(Dataset items)
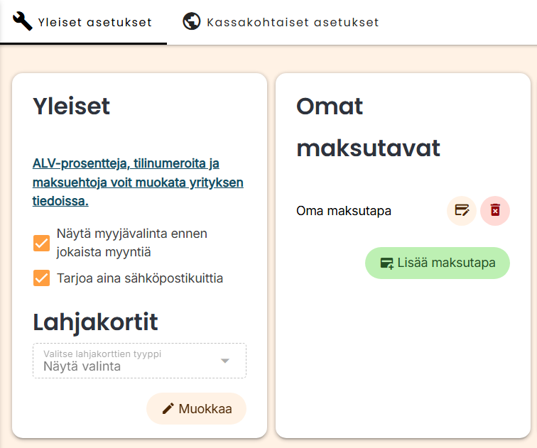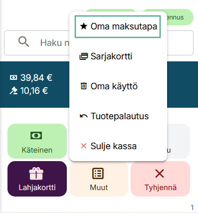 Voit lisätä tai poistaa maksutapoja Asetukset → Kassa -näkymässä. Uudet maksutavat löydät kassan Muut-valinnan alta.
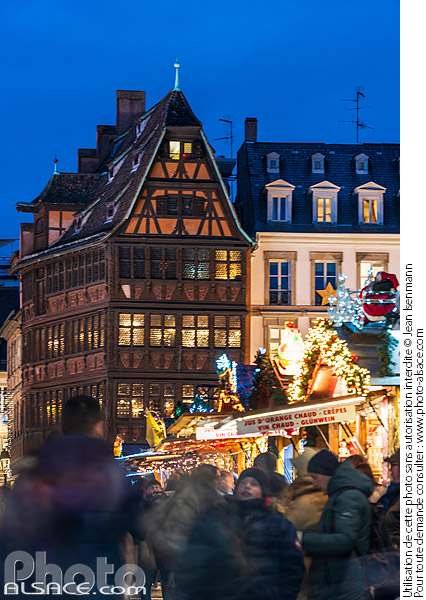 Alsace architecture chalet foule gens Maison Kammerzell marche de noel Marche de Noel de Strasbourg noel nuit patrimoine photo vertical Place de la Cathédrale Strasbourg touriste
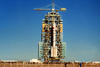記者到達發射中心的第二天,即10月11日,正巧趕上了“神舟五號”載人飛船和運載飛船的長征—2F火箭合體后的轉場,這是載人飛船發射前箭船組合體的最后一次亮相。發射中心里能來這里的人都來了,這是非常難得的機會。載人航天工程的管理是非常嚴的,沒有衛星發射中心發的證件,任何人都進不了“東方航天城”的門。即使在航天城里,要進入航天工作場所也必須持特別證件。臨近發射了,中心管得更嚴。據透露,從某天開始,發射中心將實行戒嚴,直到發射成功為止。
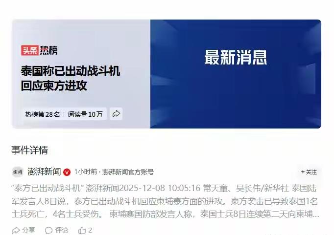 泰国和柬埔寨爆发激烈战斗,一名泰国少校在战斗中被炸身亡。随后,泰国出动F16战斗机对柬埔寨展开轰炸。 当下,俄罗斯和柬埔寨均处于战争状态,大家前往这两地旅游务必注意安全。 ……………………………………
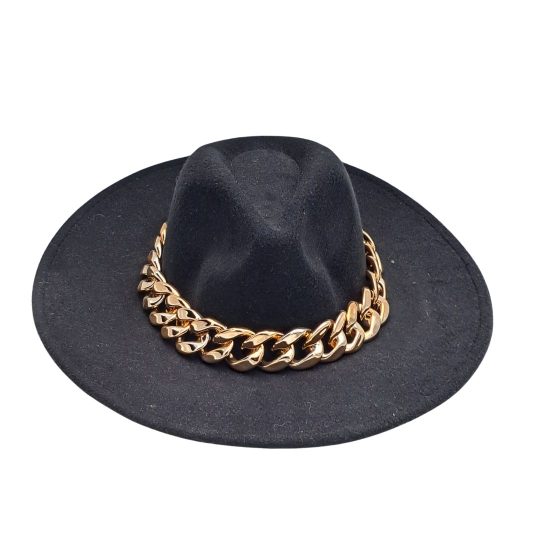 Γυναικείο Καπέλο Μαύρο με Χρυσή Αλυσίδα #2
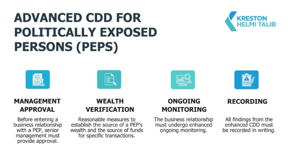 - Professional firms must apply enhanced Customer Due Diligence (CDD) for Politically Exposed Persons (PEPs), which include foreign PEPs, high-risk domestic PEPs, international PEPs, and even those who have stepped down. This also extends to their immediate family and close associates.

# Exercise prompt
Transcribe the entries word for word, without their pictures.

# Result of the task
 Voit lisätä tai poistaa maksutapoja Asetukset → Kassa -näkymässä. Uudet maksutavat löydät kassan Muut-valinnan alta.
 Alsace architecture chalet foule gens Maison Kammerzell marche de noel Marche de Noel de Strasbourg noel nuit patrimoine photo vertical Place de la Cathédrale Strasbourg touriste
記者到達發射中心的第二天,即10月11日,正巧趕上了“神舟五號”載人飛船和運載飛船的長征—2F火箭合體后的轉場,這是載人飛船發射前箭船組合體的最后一次亮相。發射中心里能來這里的人都來了,這是非常難得的機會。載人航天工程的管理是非常嚴的,沒有衛星發射中心發的證件,任何人都進不了“東方航天城”的門。即使在航天城里,要進入航天工作場所也必須持特別證件。臨近發射了,中心管得更嚴。據透露,從某天開始,發射中心將實行戒嚴,直到發射成功為止。
 泰国和柬埔寨爆发激烈战斗,一名泰国少校在战斗中被炸身亡。随后,泰国出动F16战斗机对柬埔寨展开轰炸。 当下,俄罗斯和柬埔寨均处于战争状态,大家前往这两地旅游务必注意安全。 ……………………………………
 Γυναικείο Καπέλο Μαύρο με Χρυσή Αλυσίδα #2
 - Professional firms must apply enhanced Customer Due Diligence (CDD) for Politically Exposed Persons (PEPs), which include foreign PEPs, high-risk domestic PEPs, international PEPs, and even those who have stepped down. This also extends to their immediate family and close associates.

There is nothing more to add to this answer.